Они садились за стол. Мать пила с ним только из вежливости, а он все наливал и наливал себе, и, казалось, совсем не замечал, что уже много выпил. Иногда они говорили о моем отце. Мать пыталась не выдавать своего волнения, когда речь заходила о нем, но я слышал, как дрожал ее голос, и боялся, что она опять начнет плакать.

“Я не знаю, какие условия в концентрационных лагерях, как там обходятся с заключенными, но говорят, что там просто ужасно”. “От кого вы это слышали?”

“Ходят слухи”. Мать испуганно посмотрела на меня - вдруг по неосторожности она сказала что-то лишнее?

“Это вполне может быть”, - сказал “чокнутый”.

“Ну вот”, - подумал я. - “Наконец он может говорить о том, в чем что-то смыслит”.

“Понимаете”, - продолжал “чокнутый”, - “не всегда можно правильно подобрать коменданта лагеря. Эти люди, конечно, истинные национал-социалисты, но иногда бывают довольно примитивными. Я знаю коменданта концлагеря Заксенхаузен. Это умный, трезво мыслящий человек с хорошими манерами. Настоящий представитель новой гвардии. Думаю, вам не следует беспокоиться. Если ваш супруг подобающим образом ведет себя, с ним не может случиться ничего плохого”.

“Я хотела бы спросить вас еще кое о чем”, - осторожно сказала мать. - “У моего мужа есть разрешение на эмиграцию в Шанхай. Оно пришло вскоре после его ареста. Я слышала, что евреи, у которых есть возможность эмигрировать, даже если они находятся в лагере, получают разрешение на выезд из страны и должны быть из лагеря выпущены. Это верно?”

Он покачал головой. “Насколько мне известно, с тех пор как началась война, это невозможно”.

“Но ведь официальное разрешение получено”, - не сдавалась мать. - “И ему теперь могут разрешить совершенно легально эмигрировать через Швецию и Россию”.

“Об этом мне ничего неизвестно”. Внезапно он заговорил холодным, официальным тоном: “Я работаю на Принц-Альберт-штрассе, и если бы все было так, как вы говорите, я бы это, конечно, знал”.

“Друзья мужа уже уехали”.

“Ну и что же? Добрались они до места?” - с циничной ухмылкой спросил он.

Мать молчала.

Он заговорил снова. “Мне не верится, чтобы ваши знакомые могли попасть в Китай через Советский Союз. Если мы и разрешили им уехать, они наверняка застряли в России. Но если вы интересуетесь, я для вас охотно наведу справки”.

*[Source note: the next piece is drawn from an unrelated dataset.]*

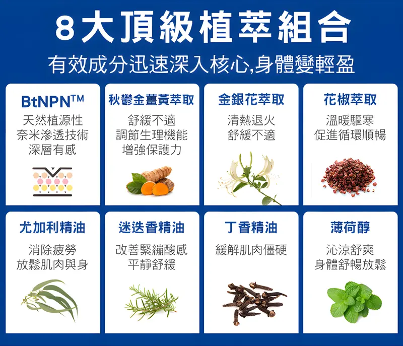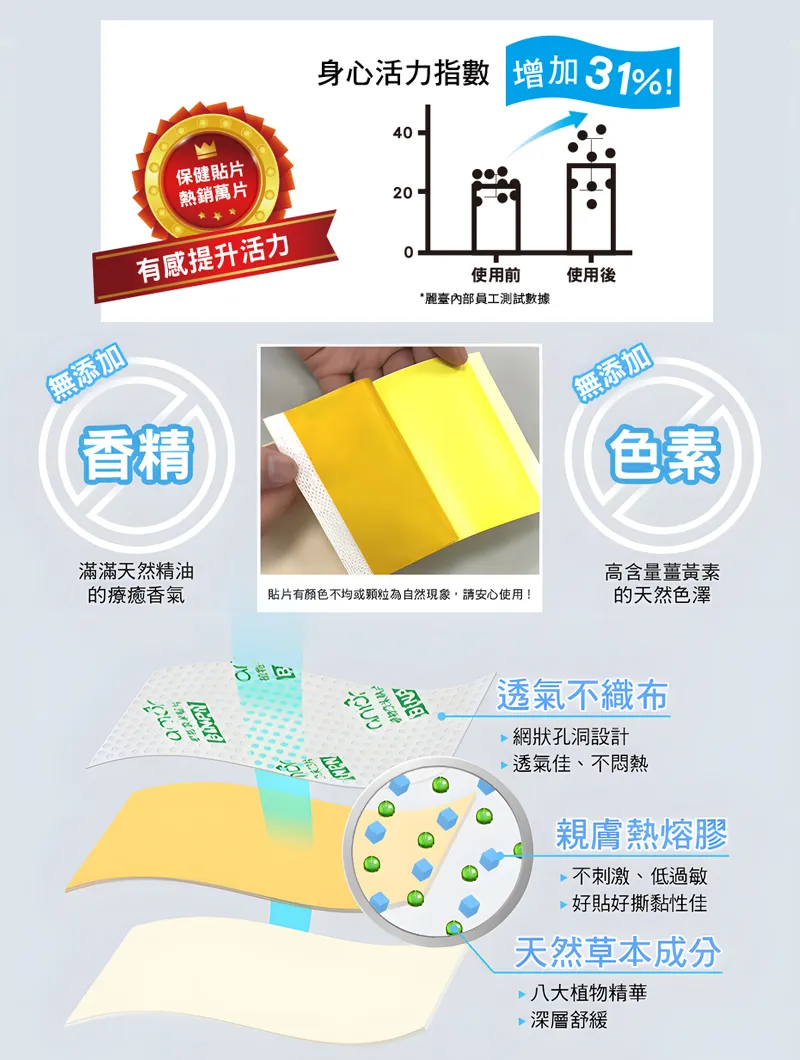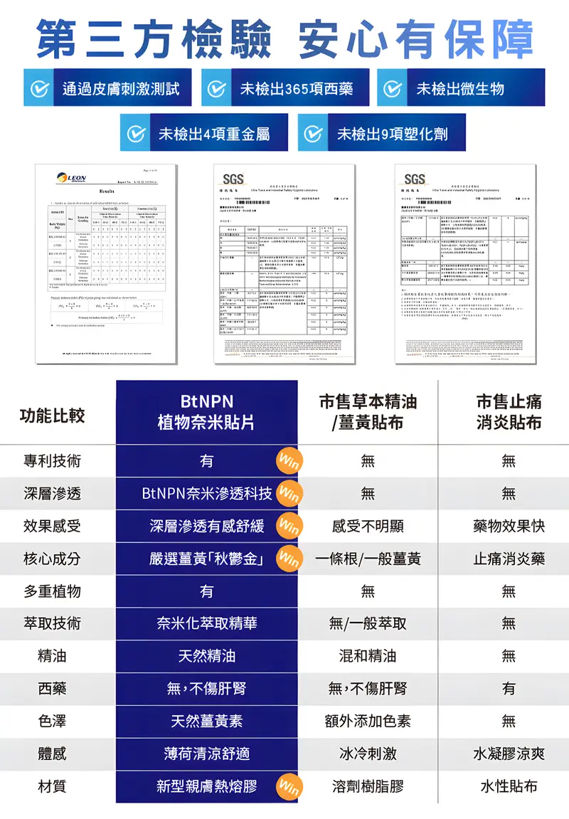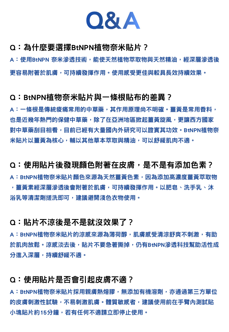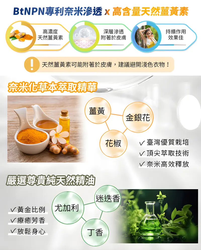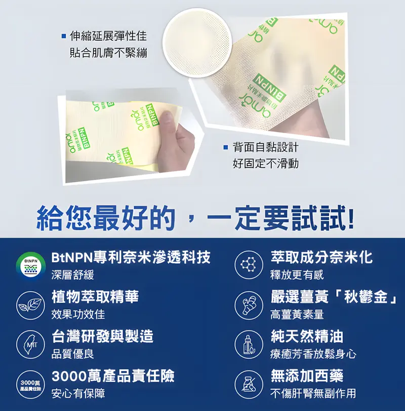 創新BtNPN專利奈米滲透科技,台灣大陸專利保證,讓你享受前所未有的深層效果!BtNPN植物奈米貼片能促進成分快速滲透。活性成分暢通無阻,高效吸收,達到深層舒緩放鬆!嚴選高薑黃素秋鬱金和尊貴天然精油,不僅能舒緩心靈,更能讓您的肌膚無負擔,給予您健康與天然草本的極致享受!採用親膚級熱熔膠,給您安心使用的品質保證!

В следующий раз он пришел сообщить матери - он добился для нее аудиенции у одного крупного чиновника, и она сможет узнать, есть ли еще для моего отца возможность выехать из страны. Он казался страшно подавленным. Когда мать спросила, что с ним, он рухнул на диван и начал безудержно всхлипывать. В штатской одежде он выглядел беспомощным мальчиком. Мать села рядом и стала гладить его по голове. Он прижался к ней, судорожно обхватил ее и заплакал еще громче. Она заговорила с ним, успокаивая, утешая, потом осторожно попыталась высвободиться из его объятий. Это ей не удалось. Тогда мать дала ему выплакаться. Немного успокоившись, он рассказал ей, что видел. Думаю, он посетил Бухенвальд и Дахау. Мать стала белой, как мел. Я же не поверил его рассказу и, сознаюсь, подумал - он хочет произвести на нее впечатление, показать себя героем, спасителем. В какой-то степени, наверное, так оно и было. Но главное - ему самому была необходима поддержка.

“Мой отец оказался прав”, - сказал он. -“СС действительно банда убийц, а я - член этой банды. И никогда не смогу выйти из нее. Но я вырос в семье, живущей по христианским заповедям. Вы можете мне довериться. Я сделаю все, что в моих силах, чтобы помочь вам. Отец согласен со мной. “Ты должен использовать свое служебное положение, чтобы помочь этой женщине”, - сказал он. - “Ты поступишь по-христиански, если сделаешь это”.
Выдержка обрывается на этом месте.